Machete

Publié le par Herodonte



Synopsis : Ils ont cru qu’il était un simple ouvrier, un bouc émissaire idéal pour porter le chapeau d’un assassinat politique. Ils ignoraient qu’il s’agissait de Machete, un ancien agent fédéral hors pair, une légende…
Laissé pour mort après son affrontement avec le puissant baron de la drogue mexicain Torrez, Machete s’est réfugié au Texas, où il cherche à oublier son passé. L’assassinat d’un sénateur et un coup monté font de lui l’homme le plus recherché du pays.
Cette fois, Machete est bien décidé à se laver de ces accusations et à dénoncer une corruption rampante et tentaculaire.

Mon avis :

Machete est à la base une des fausses bandes-annonces du projet Grindhouse de Tarantino et de Rodriguez. Apparemment, cette bande-annonce plutôt sympathique a tellement plu qu'on retrouve le fameux Machete dans un long-métrage. Partir d'une bande-annonce pour faire un film n'est pas chose aisée. Il faut réussir à reproduire ce qui était bien dans une courte bande-annonce dans une durée de 1h45. Il faut bien avouer que Roberto Rodriguez ne réussit pas vraiment ce pari.
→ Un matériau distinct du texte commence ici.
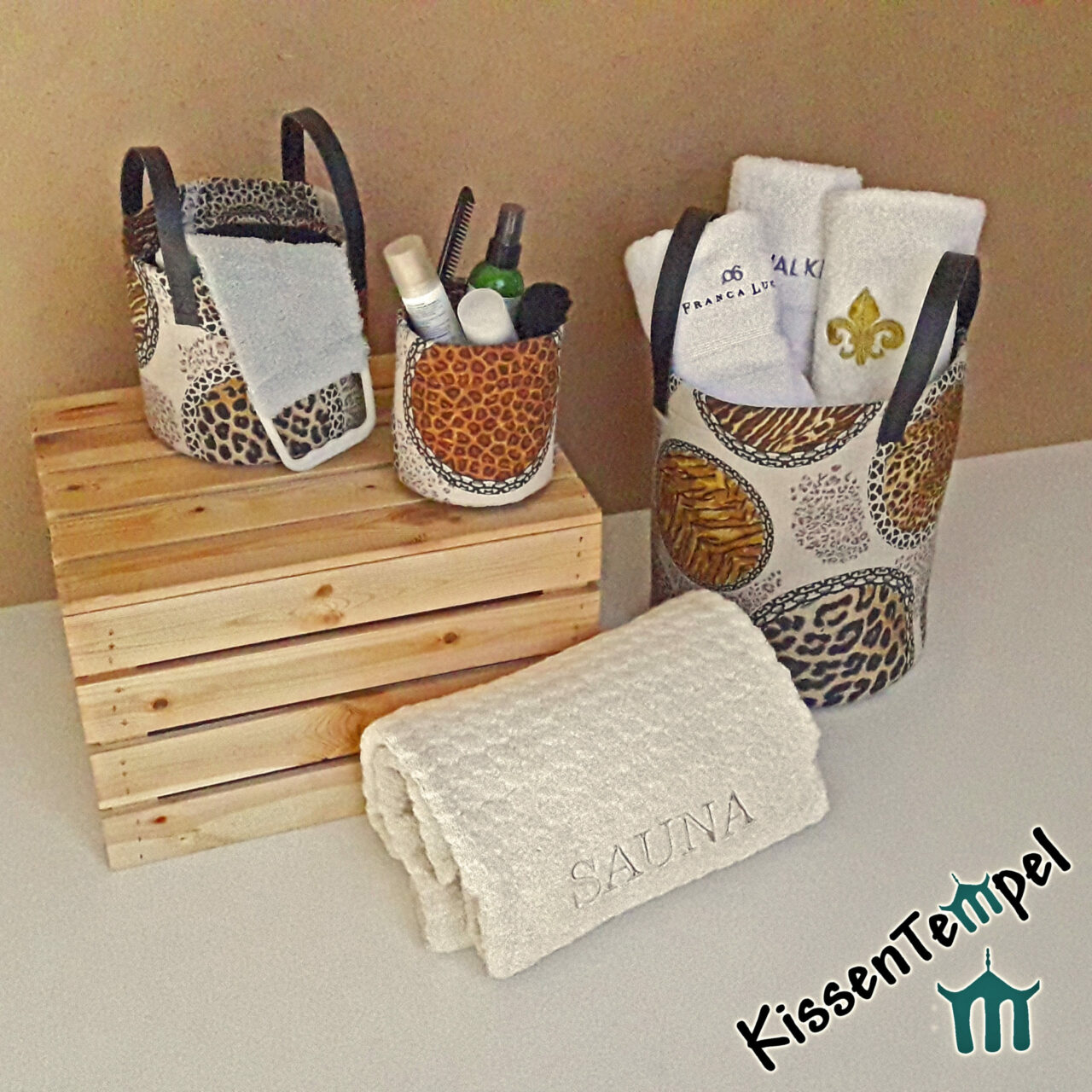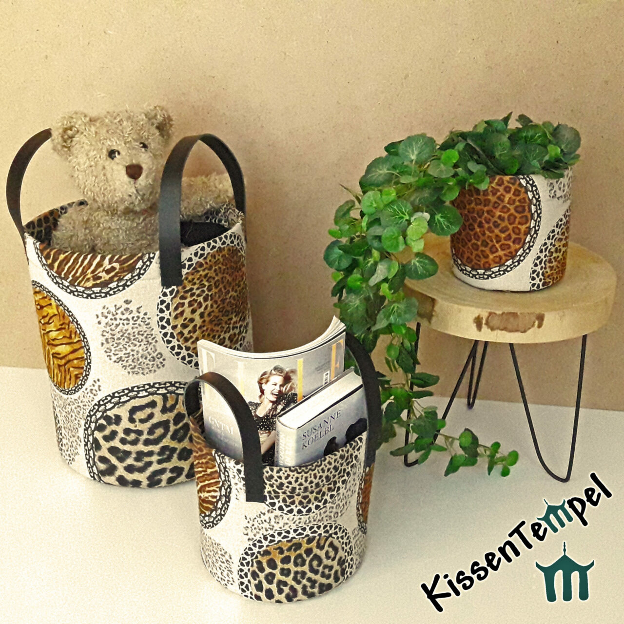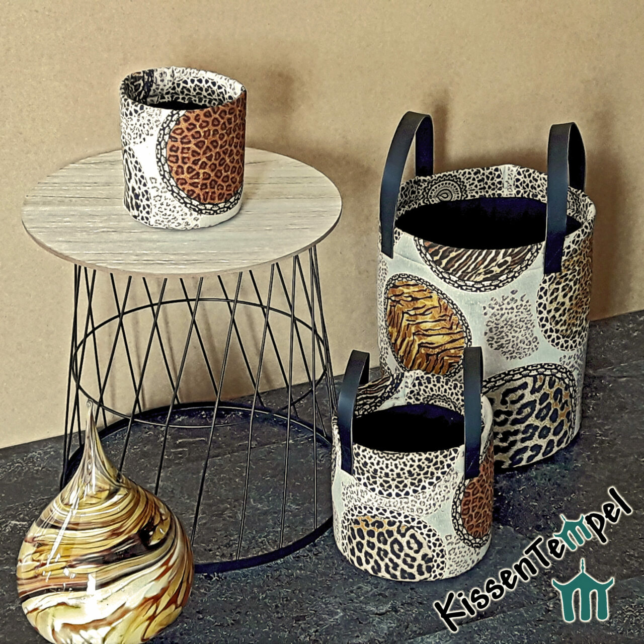 Handgenähter Aufbewahrungskorb | Utensilo „Mandala Africa“ Stabilität durch spezielles Vlies, mit Lederhenkel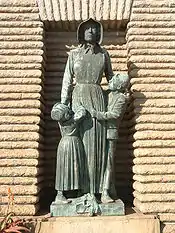 At the foot of the monument stands Anton van Wouw's bronze sculpture of a Voortrekker woman and her two children, paying homage to the strength and courage of the Voortrekker women.[2]: 15 On both sides of this sculpture black wildebeest are chiselled into the walls of the monument. The wildebeest symbolically depicts the dangers of Africa and their symbolic flight implies that the woman, carrier of Western civilisation, is triumphant.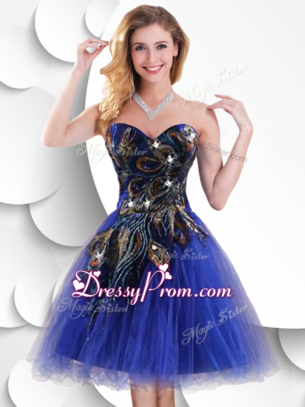 Luxurious Short Peacock Blue Prom Dress with Beading and Appliques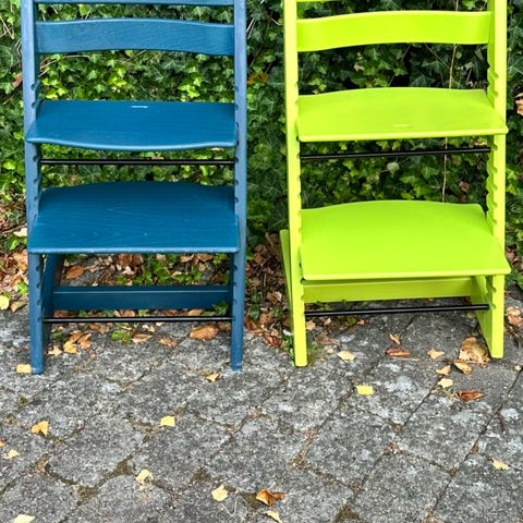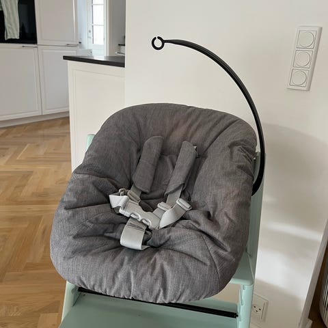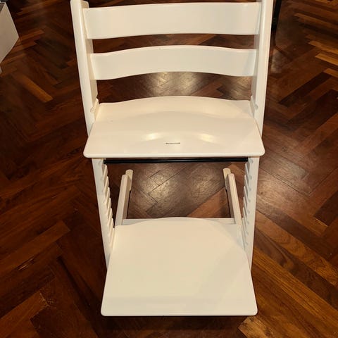 Stokke Højstol i hvid træ. Højstolen er designet til børn og kan justeres i højden for at tilpasse sig barnets behov. Fremstillet i robust materiale med en hvid finish. Indeholder en siddeplade og en aftagelig bakke. Stolen viser mindre brugsspor på Trip trapp med newborn, babyset og bord.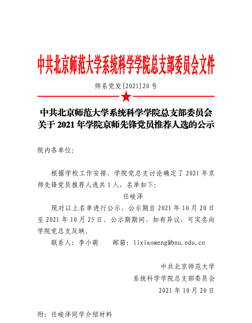 附:任峻泽同学介绍材料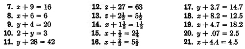 Solve each of the following equations by adding the same number to both members of the equation: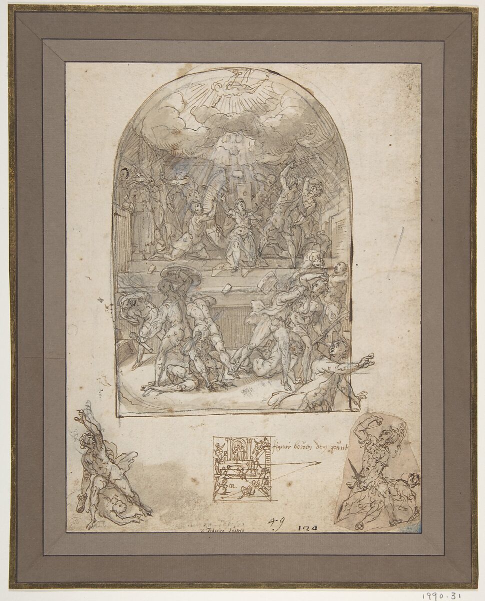 - Medium: Pen and brown ink, brush and brown wash, some white highlighting, over black chalk

Tout d'abord, l'ensemble se regarde tout de même. Les différents acteurs plus ou moins has-been sont là pour le plus grand plaisir des spectateurs. J'ai une petite préférence pour Steven Seagal, le maître ( avec Chuck Norris) de bons gros nanars que j'aime tant qui joue dans Machete LE méchant bien sadique.
Dès l'introduction, on nous sert ce qu'on attend du film. Du sang, du sexe et des dialogues philosophiques de hautes volées et jusque là le film est très agréable quand il se contente de seulement divertir. Certaines séquences par leurs improbabilités sont plutôt jouissives. La scène de l'intestin qui a dû en surprendre plus d'un mais aussi la séquence de combat dans l'église que je trouve plutôt bonne avec en fond Ave Maria. Le problème c'est que au bout d'un moment, le film tourne un peu à vide et surtout il se hasarde sur le chemin politique et sociale.

Le thème central du film est l'immigration. Le sénateur Mclaughlin (Robert De Niro) veut construire une immense barrière électrifiée pour empêcher les immigrés mexicains d'entrer au Texas ( et accessoirement permettre au méchant de contrôler le flux de drogue qui passe la frontière) mais, malheureusement, le traitement de quelque chose de louable se révèle d'une lourdeur mais surtout d'une démagogie tel que ça plombe le film. Le méchant blanc américain contre le gentil mexicain... Même une comédie ne peut se permettre de faire ça de manière si grossière surtout quand c'est le sujet principal du film.
Je regrette aussi l'utilisation du sang numérique. Si on parodie les séries Z des années 70 autant aller jusqu'au bout. C'est un peu trop voyant puisque le sang coule à flot dans le film.
Un autre point noir est la réalisation qui n'élève jamais Machete à autre chose qu'un pur produit. C'est même par moment du travail d'amateur. La séquence de baston générale de fin est affreuse à regarder. Tout à coup, il prend à Roberto Rodriguez de se sentir l'âme d'un adepte de la "Jason Bourne attitude" et c'est parti pour ne rien comprendre. Heureusement, ça ne dure pas bien longtemps mais c'est très désagréable. De plus, LE  combat final entre Machete et Torrez est mal filmé mais surtout expédié en deux minutes top chrono. La déception pointe le bout de son nez.

Machete aurait finalement mérité de durer beaucoup moins longtemps. Il y a certaines longueurs qui nuit au film. Des gags, des phrases qui ne font pas forcément mouche. Cependant, et malgré cette fameuse démagogie, Machete offre quelques moments bien sympa dont il serait dommage de se priver.